Underwriter sebagai pihak luar yang menjembatani kepentingan emiten dan investor
diduga
berpengaruh terhadap tinggi rendahnya tingkat
underpricing (Balvers, 1989).
Penjamin emisi
(underwriter) dapat berupa perusahaan swasta atau BUMN
yang
menjadi penanggung
jawab atas terjualnya efek emiten kepada
investor. Underwriter
memperoleh komisi berdasarkan persentase dari nilai saham yang terjual. Underwriter dinilai oleh investor berdasarkan kemampuannya
untuk memberikan penawaran dengan
initial return yang tinggi bagi para investor. Apabila
underwriter gagal, maka
akan
mempengaruhi reputasinya di mata investor, sehingga dapat menghambat perusahaan penjamin emisi
untuk
memperoleh transaksi potensial
di masa depan. Namun underwriter juga tidak dapat menentukan harga perdana yang terlalu underprice dikarenakan emiten menginginkan dana hasil penawaran perdana yang besar dan underpricing merupakan biaya yang harus ditanggung oleh emiten.

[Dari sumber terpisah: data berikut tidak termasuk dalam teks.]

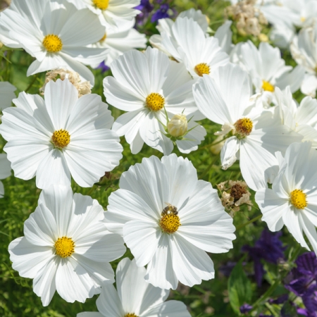 Космея Сенсация Белая - это великолепное растение с изысканными белыми цветками, которые будут радовать ваш взор в течение нескольких месяцев весной и летом. Ее стебли прочные и прямостоящие, достигают высоты до 90 см, а диаметр цветков составляет 7-10 см. Листья космеи имеют интересную форму и добавляют декоративности этому растению.
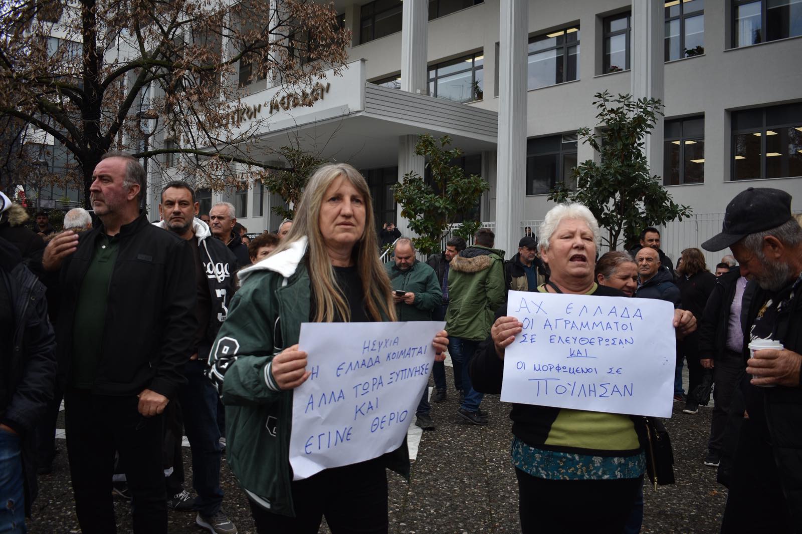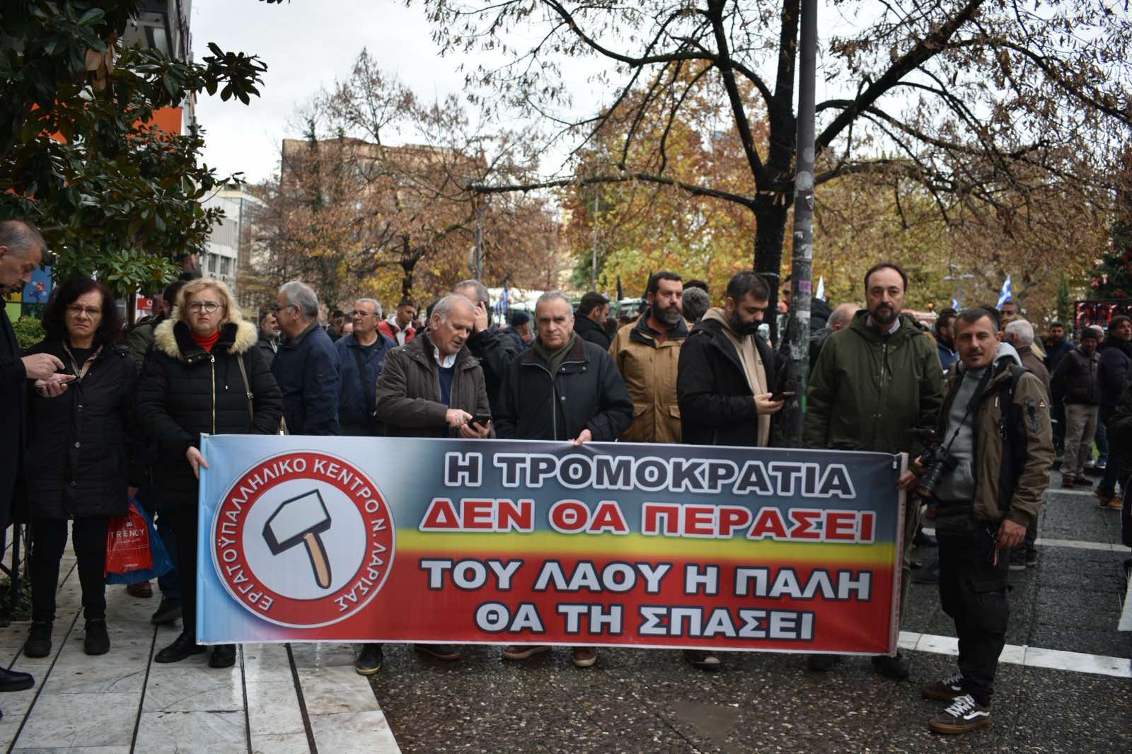 Ο πρόεδρος της ΕΟΑΣΝΛ Ρίζος Μαρούδας, σημείωσε: «Το μπλόκο Νίκαιας εκφράζοντας την συμπαράστασή του στους δύο αγωνιστές συναδέλφους μας που έχουν συλληφθεί και δικάζονται σήμερα εντελώς παράλογα, έχουμε κάνει αυτή τη συγκέντρωση συμπαράστασης μαζί με άλλους φορείς της πόλης τους οποίους ευχαριστούμε πολύ. Ήρθαμε με συμβολικό αριθμό τρακτέρ για να δείξουμε ότι αυτές οι ενέργειες, αυτή η τρομοκρατία και η καταστολή, τα αγροτοδικεία, ποτέ δεν σταμάτησαν τις κινητοποιήσεις μας και ούτε πρόκειται να τις σταματήσουν τώρα. Ίσα ίσα μας δυναμώνουν, μας οργίζουν περισσότερο και θα βγουν ακόμα περισσότερα τρακτέρ και θα ενισχύσουμε τα μπλόκα μας.

Penentuan harga saham perdana ditentukan oleh
emiten dan underwriter. Underwriter sebagai
pihak
penghubung antara emiten
dan investor berperan penting dalam menentukan harga perdana saham (Carter dan Manaster,
1990). Ketika perusahaan
yang ditawarkan mempunyai
tingkat ketidakpastian
yang tinggi, maka tingkat
underpricing akan semakin tinggi. Hal ini
dilakukan oleh
underwriter
untuk
memberikan kompensasi
bagi investor yang bersedia untuk menanggung resiko tinggi dalam ketidakpastian investasi
tersebut. Kim dkk
(1993) menyatakan bahwa emiten yang menggunakan
penjamin emisi yang berkualitas atau
bereputasi
baik
akan mengurangi resiko yang tidak
dapat diungkapkan oleh informasi prospektus dan
menandakan bahwa
informasi privat dari emiten
mengenai
prospek perusahaan di masa mendatang tidak
menyesatkan. Kim dkk
(1993) membuktikan bahwa reputasi penjamin emisi memiliki hubungan
yang negatif dan signifikan dengan tingkat
underpricing. Penelitian ini didukung juga oleh
Wolf dan Cooperman, Chalk dan Pearry (1986) dan Beatty
(1989); dalam
How
(1995). Hal ini bertentangan dengan penelitian
Trisnawati (1998) yang menyatakan bahwa
hubungan
tersebut tidak signifikan dan Daljono (2000) yang menemukan hubungan positif.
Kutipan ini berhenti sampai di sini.